___ Records supplied ___

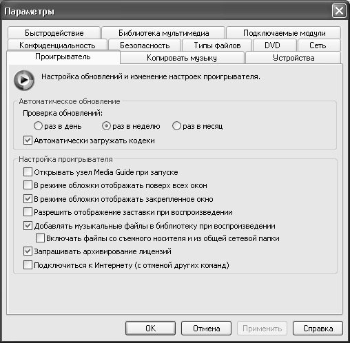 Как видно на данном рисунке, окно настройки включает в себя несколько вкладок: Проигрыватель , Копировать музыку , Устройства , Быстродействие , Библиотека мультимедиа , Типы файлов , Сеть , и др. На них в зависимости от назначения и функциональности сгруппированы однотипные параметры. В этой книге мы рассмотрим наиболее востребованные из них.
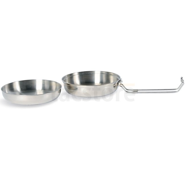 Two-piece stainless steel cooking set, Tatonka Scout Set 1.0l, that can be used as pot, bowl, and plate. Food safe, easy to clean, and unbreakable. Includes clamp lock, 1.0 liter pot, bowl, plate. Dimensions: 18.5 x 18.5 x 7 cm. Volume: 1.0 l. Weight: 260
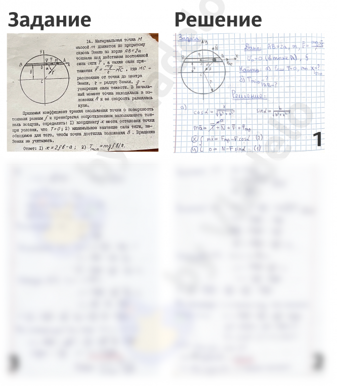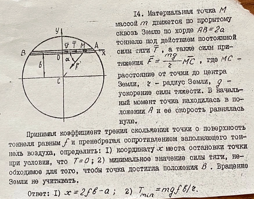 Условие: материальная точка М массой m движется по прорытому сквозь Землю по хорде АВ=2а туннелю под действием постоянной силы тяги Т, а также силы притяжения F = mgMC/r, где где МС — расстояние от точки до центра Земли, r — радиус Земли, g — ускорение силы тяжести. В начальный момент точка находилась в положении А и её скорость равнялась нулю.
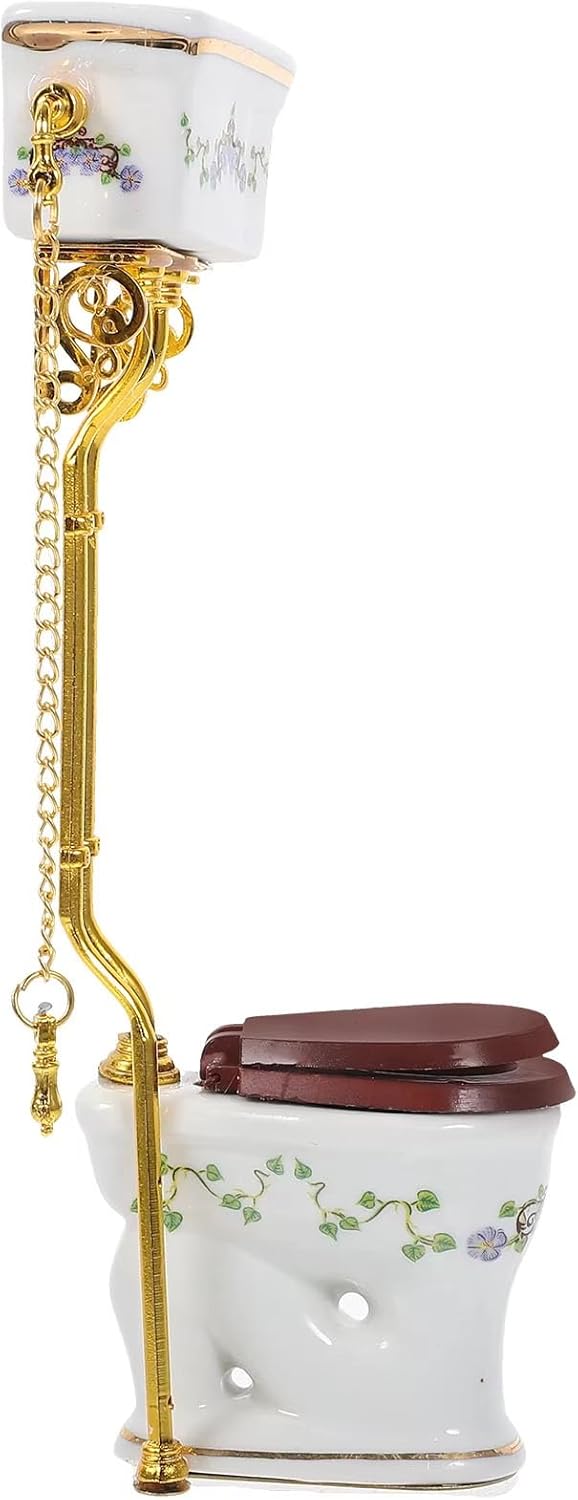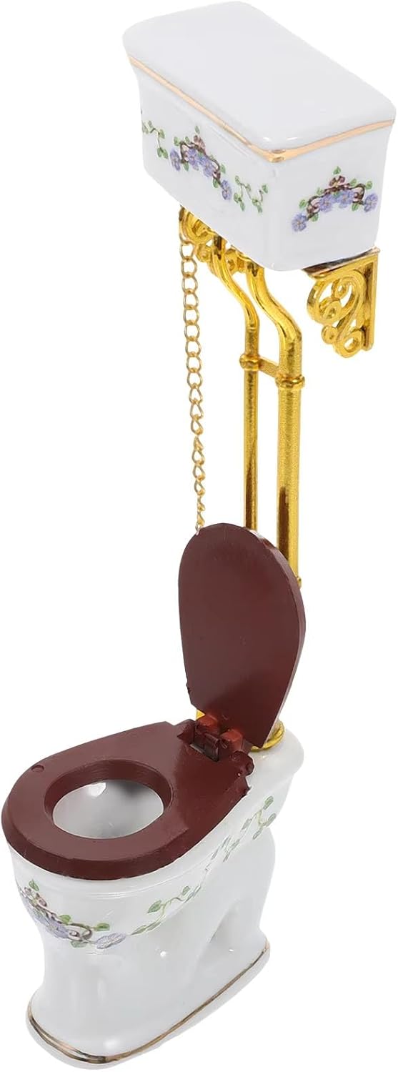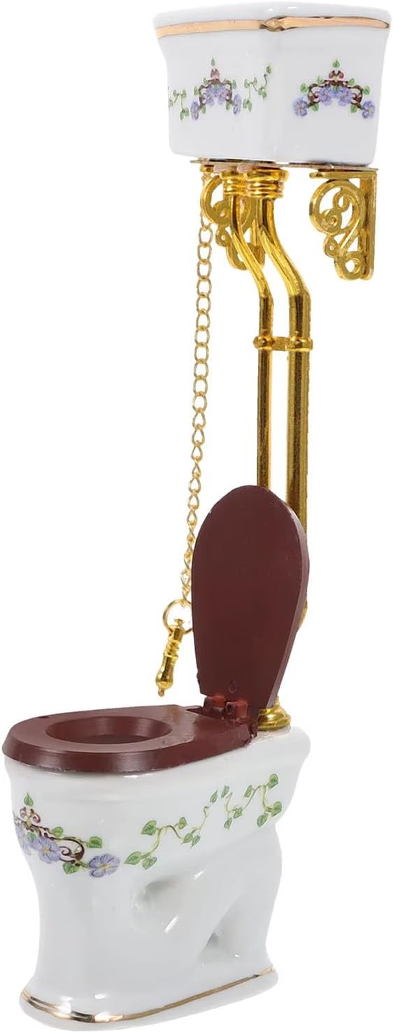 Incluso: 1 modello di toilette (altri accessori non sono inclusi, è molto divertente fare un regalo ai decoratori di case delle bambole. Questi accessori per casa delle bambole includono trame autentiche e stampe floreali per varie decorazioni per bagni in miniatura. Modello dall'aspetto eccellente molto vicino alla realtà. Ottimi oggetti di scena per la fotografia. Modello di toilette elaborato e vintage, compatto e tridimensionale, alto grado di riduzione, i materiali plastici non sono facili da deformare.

___
___ Records supplied ___

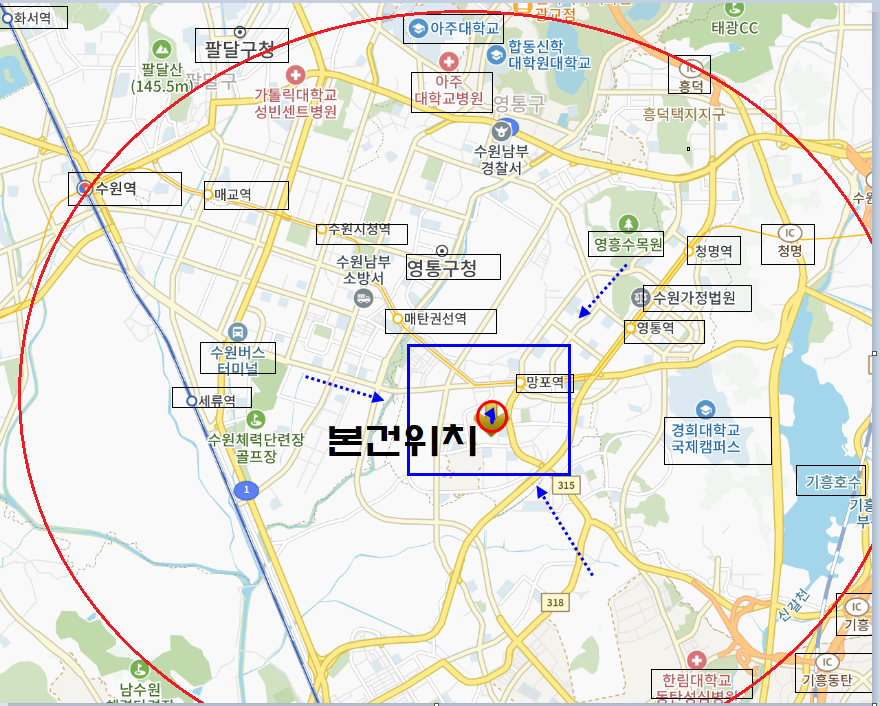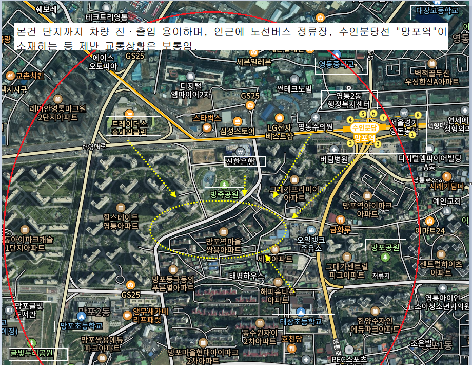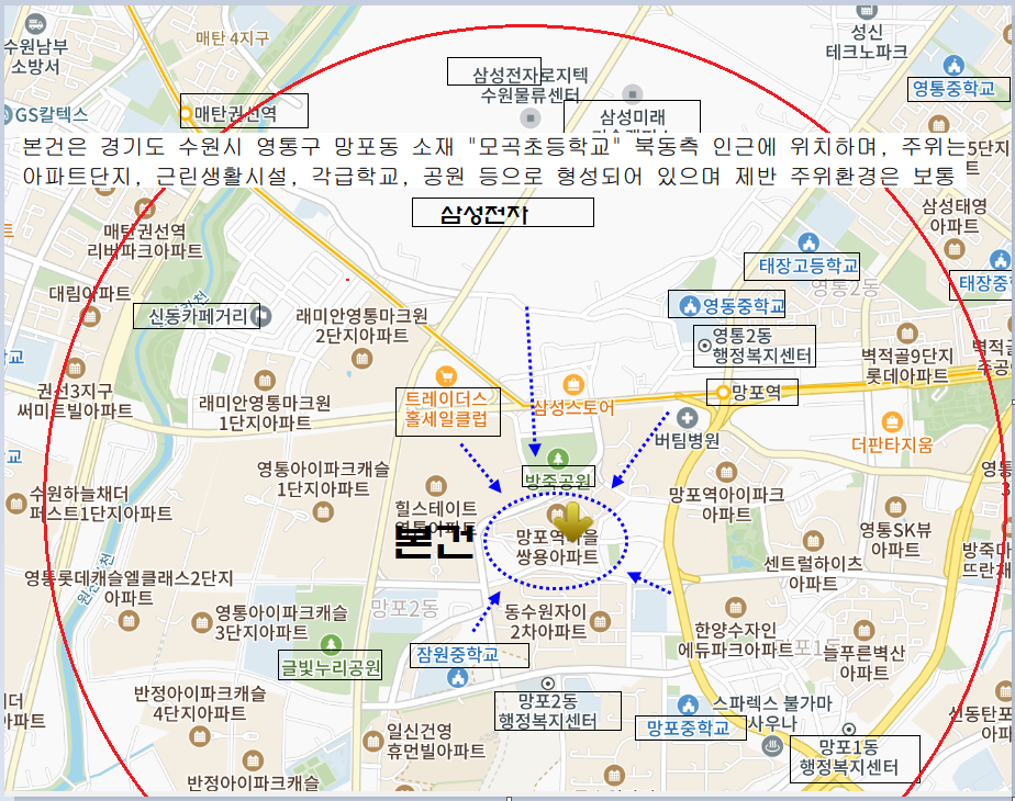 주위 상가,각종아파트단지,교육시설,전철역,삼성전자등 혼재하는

___
___ Records supplied ___

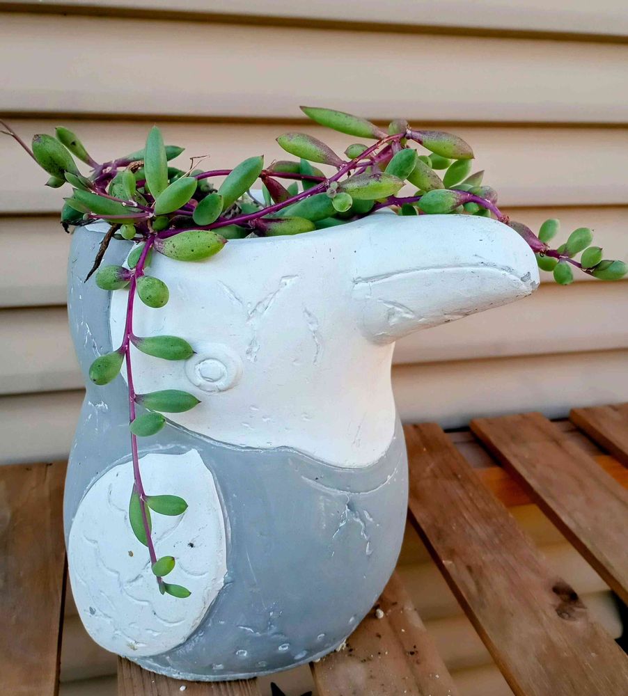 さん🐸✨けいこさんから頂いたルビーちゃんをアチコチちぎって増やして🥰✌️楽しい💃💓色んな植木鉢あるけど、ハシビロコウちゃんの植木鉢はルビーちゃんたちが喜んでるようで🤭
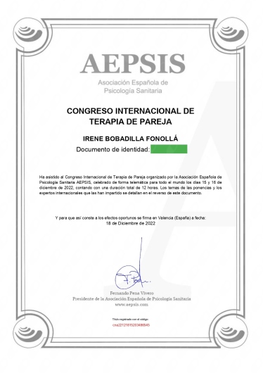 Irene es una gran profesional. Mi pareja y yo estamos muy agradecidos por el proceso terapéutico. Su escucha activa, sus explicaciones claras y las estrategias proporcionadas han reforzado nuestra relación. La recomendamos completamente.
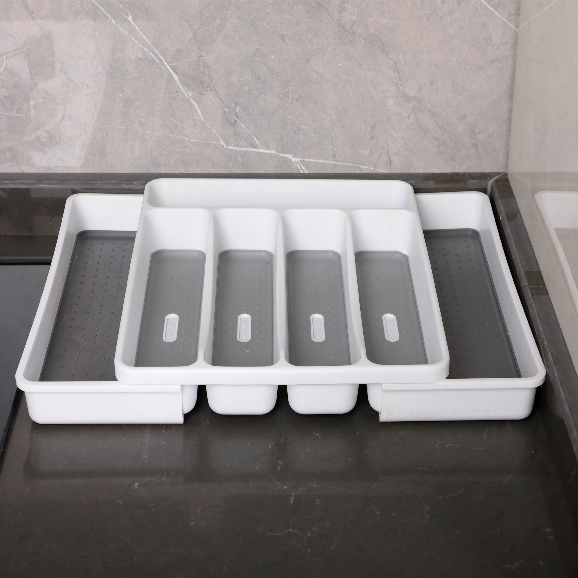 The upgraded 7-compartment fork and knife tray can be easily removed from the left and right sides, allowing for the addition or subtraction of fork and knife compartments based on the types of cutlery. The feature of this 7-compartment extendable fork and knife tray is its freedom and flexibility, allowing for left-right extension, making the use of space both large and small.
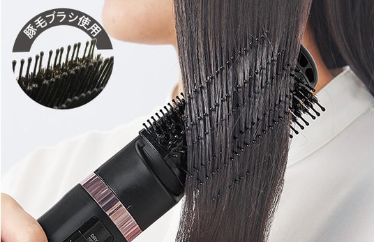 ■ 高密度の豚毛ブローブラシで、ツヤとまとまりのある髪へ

___

§ Work request:
Print exactly, with no pictures, the lines above from the one that holds "Условие: материальная точка" through the one that holds "Incluso: 1 modello", both of them included.

§ Written answer:
 Условие: материальная точка М массой m движется по прорытому сквозь Землю по хорде АВ=2а туннелю под действием постоянной силы тяги Т, а также силы притяжения F = mgMC/r, где где МС — расстояние от точки до центра Земли, r — радиус Земли, g — ускорение силы тяжести. В начальный момент точка находилась в положении А и её скорость равнялась нулю.
 Incluso: 1 modello di toilette (altri accessori non sono inclusi, è molto divertente fare un regalo ai decoratori di case delle bambole. Questi accessori per casa delle bambole includono trame autentiche e stampe floreali per varie decorazioni per bagni in miniatura. Modello dall'aspetto eccellente molto vicino alla realtà. Ottimi oggetti di scena per la fotografia. Modello di toilette elaborato e vintage, compatto e tridimensionale, alto grado di riduzione, i materiali plastici non sono facili da deformare.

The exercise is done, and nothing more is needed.